I did buy ultra lords sled. There was some tinkering that had to be done to make 20 lbs. It was trial and error on my part trying to diagnose what the problem(s) was. After I was able to turn the boost up I needed to adjust the pure logic box to keep the C0's where they should be. I was only able to ride it 5 times after buying it. All five times was tuning and playing with that box to try to get it right. I have tried several box settings from other guys who ride the same set up and they all worked, but not awesome. What I found is that I had an incredible top end but, but lousy responce on and off even in the trees. I did finally get some instruction to adjust my co trim to -25 in the factory computer. I didnt get a chance to get out and try that. It did seem to make a difference in the shop. I guess from what I read it sounded like there was alot of boxes out and that they were really making a difference. I talked to outlaw and they gave me the i duno about that box yet on the phone. I guess what bummes me out is I let several buddies ride it and they said wow to the top end, but were dissapointed at the throttle rresponce. Now when I had the boost turned down to 13-14 it was better. Should I be changing the secondary spring, rotation, winding it tighter for more boost?? Thats the one thing I didnt mess with. I have the shock wave 1.5 turns out and I have a snow pro green spring in 1 and 0. I am good with tuning a 2 stroke, but this 4 stroke + boost is way out of my league. What I think would be helpfull is getting out this next year with someone who has had some hours tuning these sleds. i'll buy all the beer all weekend:beer;


I cant comment on the PL box, but you should run the purple cat secondary spring on 1 and 0. Set your helix at roughly 51 degrees(may have to play with that). Sounds like you need more weight, how much weight are you running?
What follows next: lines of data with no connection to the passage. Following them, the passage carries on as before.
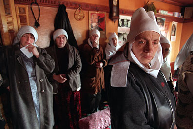 (This page: Mourning, grief and defiance at the funeral of two brothers killed in the village of Glodjane, March '98.)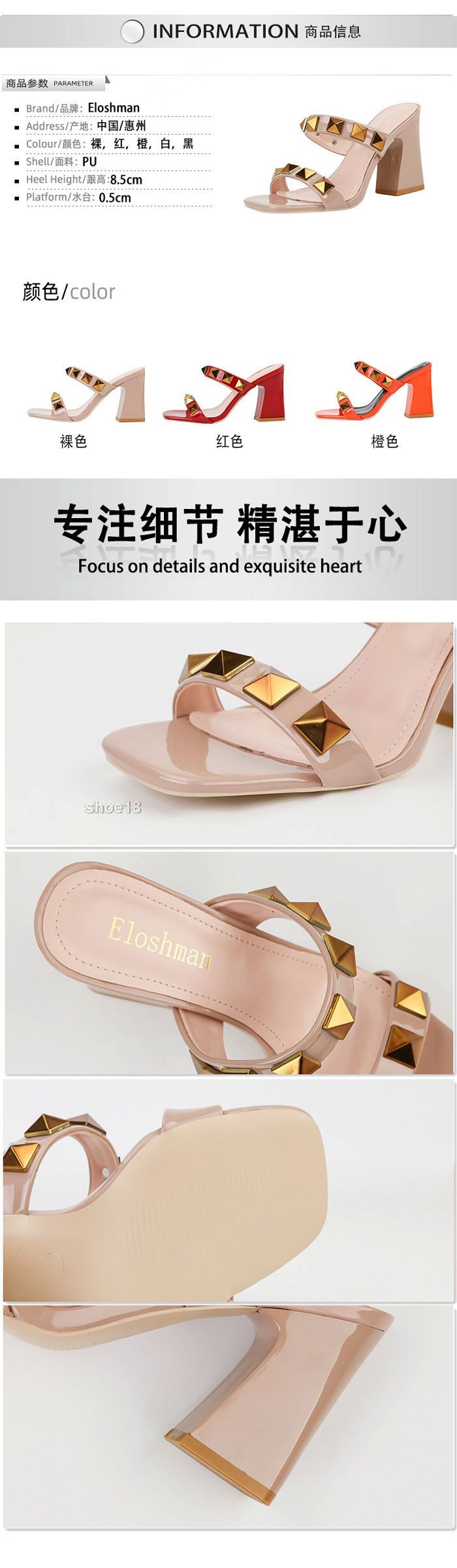 顏色:白色,黑色,橙色,红色,裸色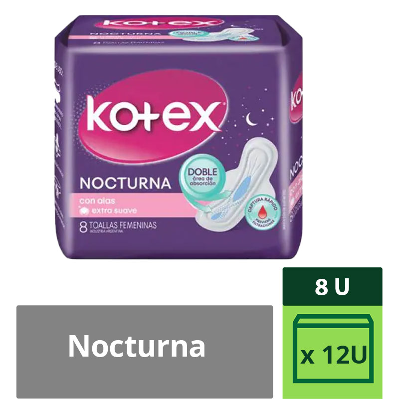 Toallitas Femeninas Kotex Nocturna Con Alas Extra Suave X 8 Un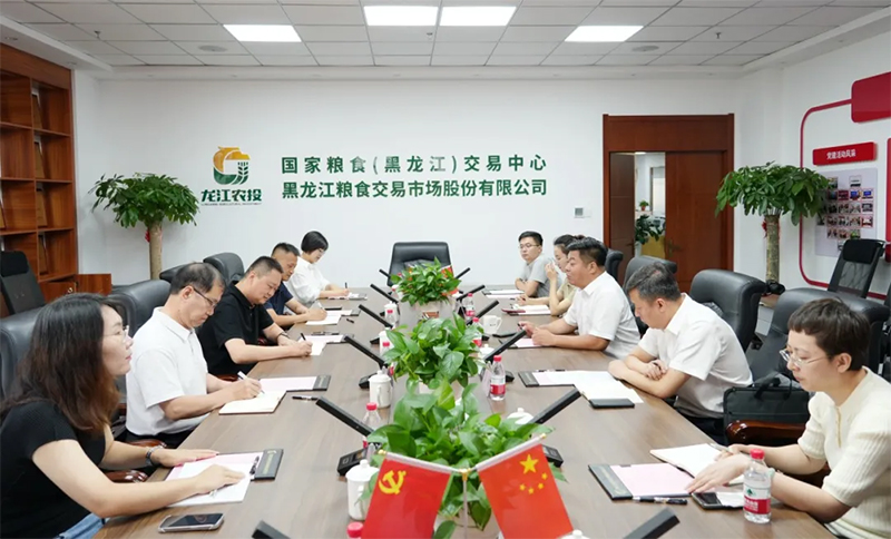 8月29日,河南省儲備糧集團管理有限公司總經(jīng)理助理,河省儲備糧輪換管理有限公司黨支部書記、董事長韋遠一行到黑龍江省農(nóng)業(yè)投資集團有限公司(以下簡稱農(nóng)投集團)參觀調(diào)研。黑龍江省糧食和物資儲備局調(diào)控處科長相野;農(nóng)投集團總經(jīng)理助理,交易市場黨支部書記、董事長魏志偉參加座談。

You should be running 90 + grams of weight, Im running 98 grams. What elevation do you ride at ?
 
I sent ya a pm but maybe a few of us can shoot ideas at you and help ya. Two turns out is 51 degrees with the shock wave,you want to start there with that. With my sled i run a turn and 1/2 or turn 3/4 so it doesnt hit the rev limmiter when conditions change or go up in boost for a quick fix. I run 86 grams of weight with Power Quest, two pucks in the toe,washers in centre and heal.Solid grey spring or stock yamaha spring. Fuel pressure is set at 36 pounds and co's are back at 0 with the new pl box i got from Alpine.I ride 1500 to 6000 feet as far as it goes for the box its pritty simple.

green "cruise" 1 to 2
yellow "accell sooner later" 1 to 2.5
red "main jet" you can turn this mode off and make up for it with the boost fuel, but i run mine at 2 to 2.5. If im down real low because i live at sea level ill put it on 4 to play safe
blue green" boost fuel' This is where you want to start out high and come down. I run mine between 3 to 4.5 just watch the ot gauge!! you want 12.5
yellow blue i leave on 4.5 always i never touch it
blue red "full throttle switch point" 5

I would like to hear where you had your box set and the other questions i pmd ya.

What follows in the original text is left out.